* [Exercise objective]: Write out an exact copy of the line containing "上海师范大学2021级学生李" and all lines that follow it in the data below, leaving out pictures.

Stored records
--- START ---
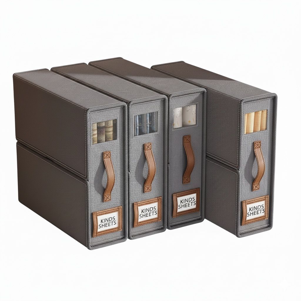 CARLA HOME Bed Sheet Organizer Set of 8 with Handle & Window for Covers, Pillowcases, Blankets, Clothes & Sheets (Grey)
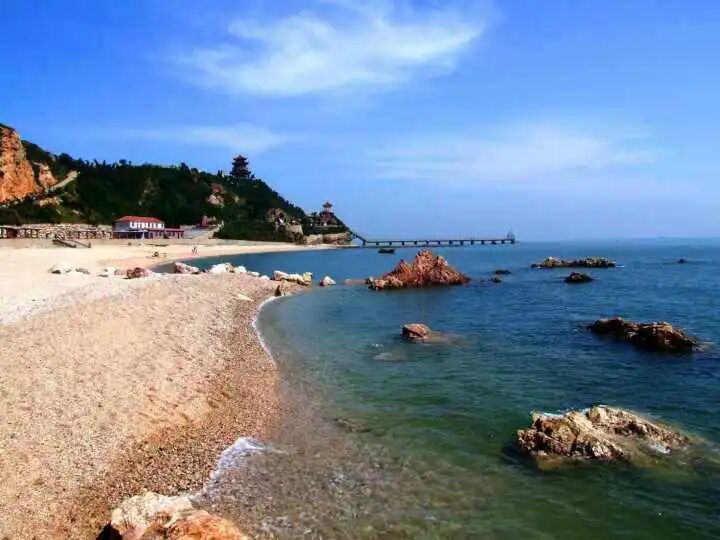 月牙湾因形似一弯新月得名,这里拥有长岛独有的天然球石滩,圆润光滑的球石遍布沙滩,踩上去触感独特。沙滩背靠青山,面朝大海,海水清澈湛蓝,是踏浪戏水、休闲漫步的好去处。春日的月牙湾,海风轻柔,可坐在球石上静听海浪,或是沿着海岸线漫步,感受海岛的静谧与浪漫,也是亲子游玩、拍照打卡的优选之地。
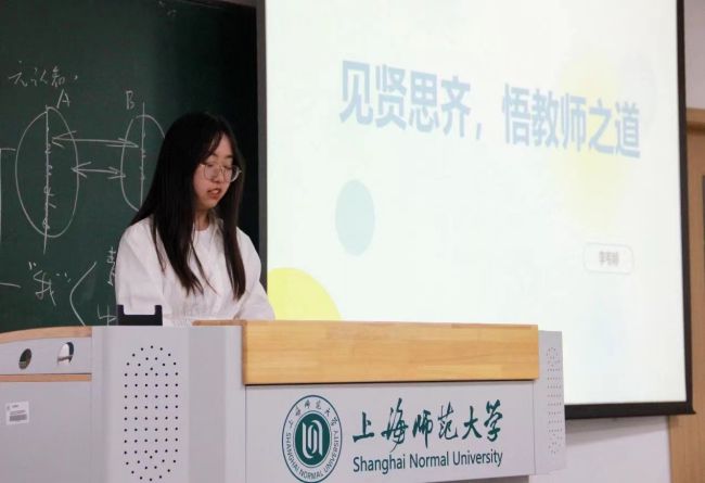 上海师范大学2021级学生李韦婷以“见贤思齐,悟教师之道”为题,从实习机会获取、实习流程、实习内容等角度为大家介绍了参加教育实习的经历,勉励大家见贤思齐,树立职业理想。
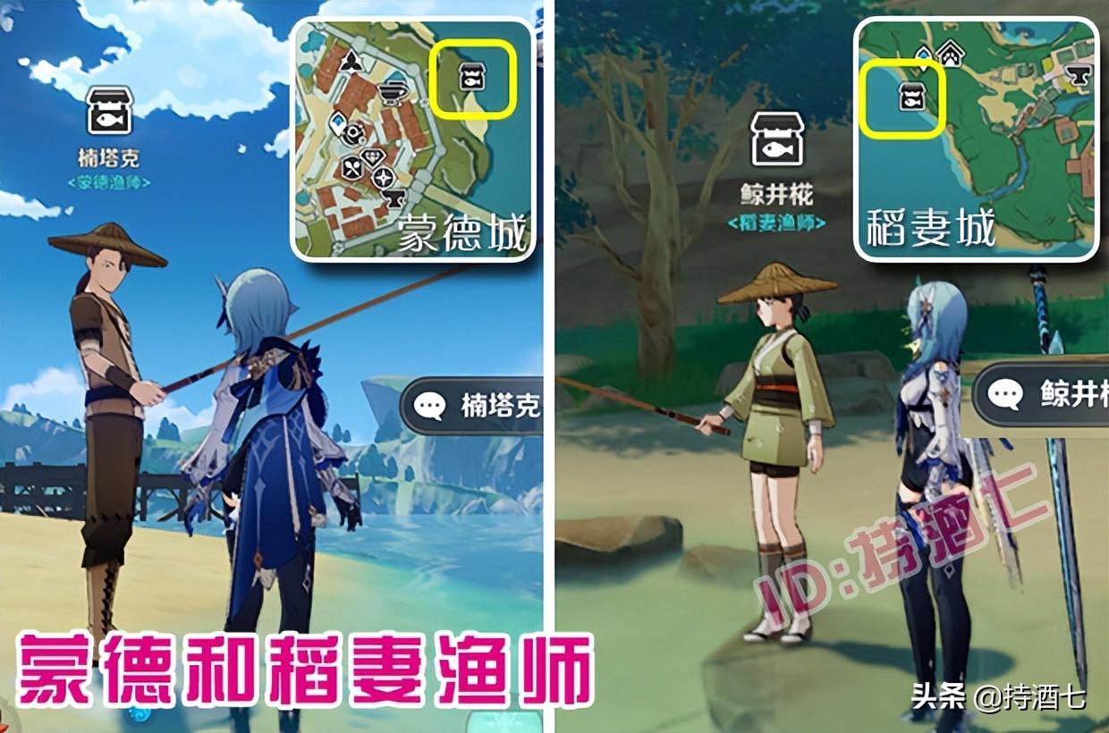 钓鱼系统中,有两个NPC渔师。一个在蒙德城外果酒湖畔,另一个在稻妻城郊的海边。
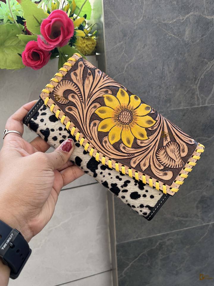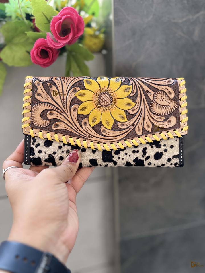 Porte-monnaie sculpté usiné à la main pochette coque de téléphone élégant fleur de soleil couleur jaune portefeuille pour femmes multi-usages portefeuilles en cuir occidental
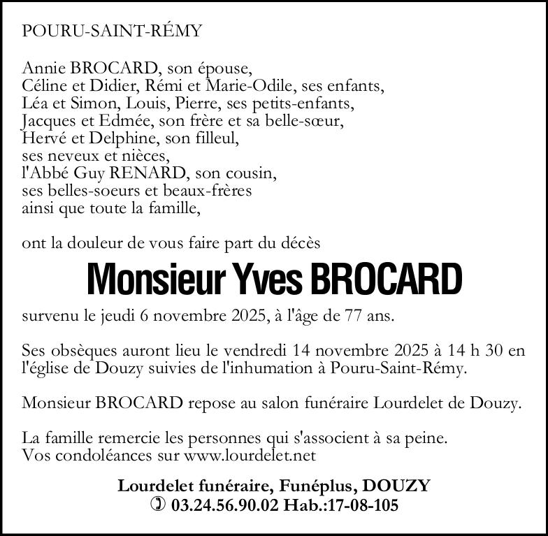 |  Woonachtig te Pouru-Saint-Remy (08140, Frankrijk) Geboren te Pouru-Saint-Remy (08140, Frankrijk) op zaterdag 10 januari 1948 Overleden te Mouzon (08210, Frankrijk) op donderdag 6 november 2025 op 77-jarige leeftijd Echtgenoot van Madame Annie BROCARD
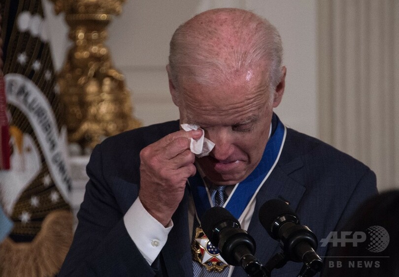 バイデン氏は驚いた表情を見せた後、出席者に背を向けて涙を拭った。そして「大統領、あなたに感謝しています。あなたの友情、あなたの家族に感謝しています」と述べた。(c)AFP
--- END ---
* [Result for this task]:
 上海师范大学2021级学生李韦婷以“见贤思齐,悟教师之道”为题,从实习机会获取、实习流程、实习内容等角度为大家介绍了参加教育实习的经历,勉励大家见贤思齐,树立职业理想。
 钓鱼系统中,有两个NPC渔师。一个在蒙德城外果酒湖畔,另一个在稻妻城郊的海边。
 Porte-monnaie sculpté usiné à la main pochette coque de téléphone élégant fleur de soleil couleur jaune portefeuille pour femmes multi-usages portefeuilles en cuir occidental
 |  Woonachtig te Pouru-Saint-Remy (08140, Frankrijk) Geboren te Pouru-Saint-Remy (08140, Frankrijk) op zaterdag 10 januari 1948 Overleden te Mouzon (08210, Frankrijk) op donderdag 6 november 2025 op 77-jarige leeftijd Echtgenoot van Madame Annie BROCARD
 バイデン氏は驚いた表情を見せた後、出席者に背を向けて涙を拭った。そして「大統領、あなたに感謝しています。あなたの友情、あなたの家族に感謝しています」と述べた。(c)AFP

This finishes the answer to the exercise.